Endocrine Society Tells FDA Testosterone Therapy Should Only Be for Men with Hypogonadism

Contact: Aaron Lohr
Director, Media Relations
Phone: 202.971.3654
alohr@endocrine.org
Contact: Jenni Glenn Gingery
Manager, Media Relations
Phone: 202.971.3655
jgingery@endocrine.org

Washington, DC—The Endocrine Society testified today at a meeting of the Food and Drug Administration (FDA) discussing the appropriate population for testosterone replacement therapy and the potential for adverse cardiovascular outcomes associated with its use. Though testosterone use has sharply increased among older men in the past decade, the Society told the FDA that testosterone therapy should be limited to men who meet the diagnostic guidelines for hypogonadism.

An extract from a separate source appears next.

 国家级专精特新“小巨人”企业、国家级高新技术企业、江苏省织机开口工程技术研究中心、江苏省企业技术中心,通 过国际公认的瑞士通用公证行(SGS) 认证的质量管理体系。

Testosterone is a key male sex hormone involved in maintaining sex drive, sperm production and bone health. Since testosterone levels tend to naturally decline as men age, lower levels of the hormone do not necessarily mean that an individual has hypogonadism, a condition that results from low testosterone. Clinical manifestations of hypogonadism may include decreased libido, erectile dysfunction, breast enlargement and infertility.

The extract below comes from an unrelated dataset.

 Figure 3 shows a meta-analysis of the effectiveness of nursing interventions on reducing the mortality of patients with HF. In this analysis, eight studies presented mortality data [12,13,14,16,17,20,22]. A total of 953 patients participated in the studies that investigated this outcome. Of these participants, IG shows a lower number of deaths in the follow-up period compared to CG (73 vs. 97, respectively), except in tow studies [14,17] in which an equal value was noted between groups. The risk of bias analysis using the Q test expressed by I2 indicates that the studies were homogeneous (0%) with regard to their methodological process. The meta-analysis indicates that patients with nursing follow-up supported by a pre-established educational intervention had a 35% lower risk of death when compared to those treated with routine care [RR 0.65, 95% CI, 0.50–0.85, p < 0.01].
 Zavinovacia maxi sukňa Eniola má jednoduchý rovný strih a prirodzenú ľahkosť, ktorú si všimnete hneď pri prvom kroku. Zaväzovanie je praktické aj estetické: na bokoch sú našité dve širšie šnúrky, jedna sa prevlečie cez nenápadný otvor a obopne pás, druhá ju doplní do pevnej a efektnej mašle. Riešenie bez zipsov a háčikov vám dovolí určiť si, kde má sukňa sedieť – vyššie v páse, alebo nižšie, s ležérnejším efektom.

Testifying before the FDA joint meeting of the Bone, Reproductive and Urologic Drugs Advisory Committee and the Drug Safety and Risk Management Advisory Committee on behalf of the Endocrine Society, Ronald Swerdloff, MD, professor at the David Geffen School of Medicine at UCLA, said testosterone treatment should be limited to men who have clinical manifestations of hypogonadism and consistently low testosterone levels.

“The Endocrine Society also recommends that more data be collected on men of different ages to better establish the serum testosterone thresholds for specific organ-related symptoms and signs, and to determine which clinical manifestations will benefit from replacement testosterone therapy,” Swerdloff testified.

The Society further recommended that a large-scale, well-controlled study be conducted to assess long term cardiovascular and prostate risks associated with testosterone replacement treatment.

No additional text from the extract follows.